I left this year for school, and came back at Thanksgiving. I thought I didn’t belong anymore. I thought I grew out of home. It wasn’t necessarily my dorm that I felt deeply connected to. It was UT. (Of course it was the people too, but that’s a different post for a different time. This one is about physical locations). The campus became my new comfort and my new memories, and foolishly I thought I had moved on. I didn’t realize how much moving on there was left to do. Not until this week. The green walls will be painted white and the cat scratches will be buffed out of the doors. The house will look better, and the memories will be fewer.

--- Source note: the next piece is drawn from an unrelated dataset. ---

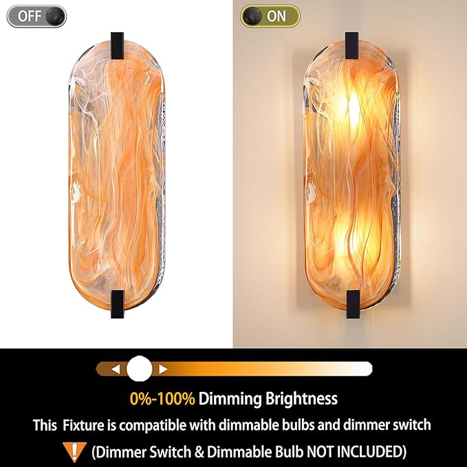 - 3.Glass Wall Sconce PERFECT FOR YOUR SPACE - The glass Wall Sconce is ideal for a variety of spaces for bathrooms.It's great in dining rooms,bars,kitchen counters,over sinks bedside living room bathroom library and in bedrooms.This Wall Lamp works with industrial, modern and transitional designs.
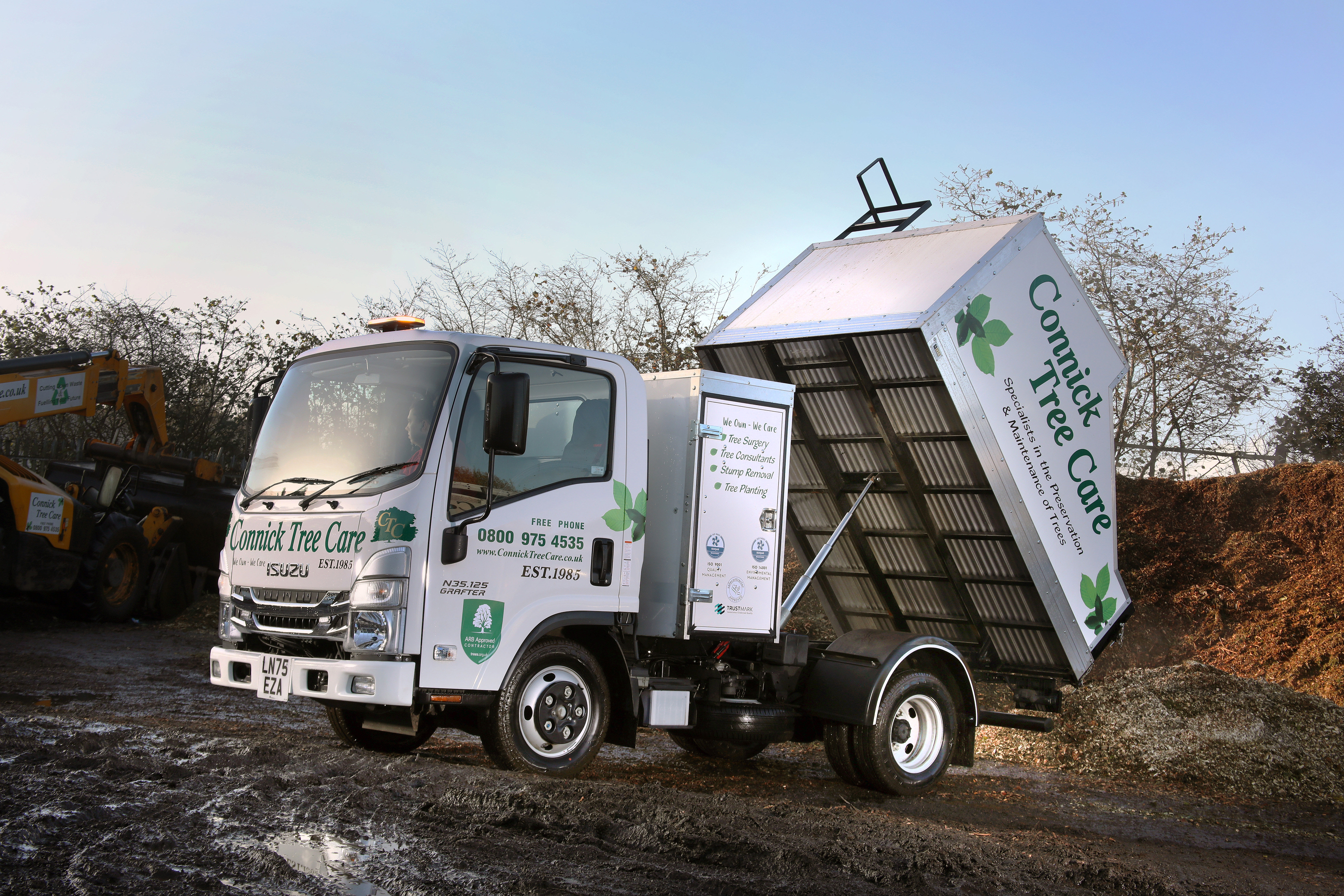 Connick Tree Care’s new Isuzu Grafters are all mounted with custom arboriculture tipper bodywork from Southern Vehicle Bodies.

My parents are moving from Temple, TX to New York, NY. It’s time for them to trust and hope and leap. They need something new. I have my new experiences and memories to make in Austin, so how is it fair if they are made to stay in little old Temple? I’m not angry or sad. I’m elated to know I won’t ever again ask “How was work today?” and hear the reply “awful” or “the same”. I can’t wait to see what is in store for them in New York, but I’m definitely feeling more than elation.

The word for what I am might be sentimental. The apartments I live in during the next several years will have some of the same pictures and books and movies. I will use curtains and couches to make them home-y. But never again will I feel at home without the added stressors of rent and utilities and water and keeping the fridge stocked and finding that lost sock without my mom’s help. To be as dramatic as possible, it is the end of an era. The era of a teenage homebody.

But I still have a month left.

So far painters and plumbers are coming and going. As are bugs. I’ve killed 11 flies today that were let in by the man painting the front door. (One of them was killed with my bare hands while writing this post). But in the midst of preparing for the garage sale, the move, and selling the house there are a few things I intend to do. I intend to watch a lot of movies on our big blue couch. I intend to eat food I don’t have to buy and use the washing machine and shower as many times as possible. I intend to make new crafts and throw old crafts away. I intend to laugh with my mom and I intend to relive memories through pictures and stories.

I’m allowed to be sad, but I won’t let myself become mopey. I’m going to accomplish things through my sentimental filter. This is the last month in this house. This is the last month in my home. And I am going to enjoy it.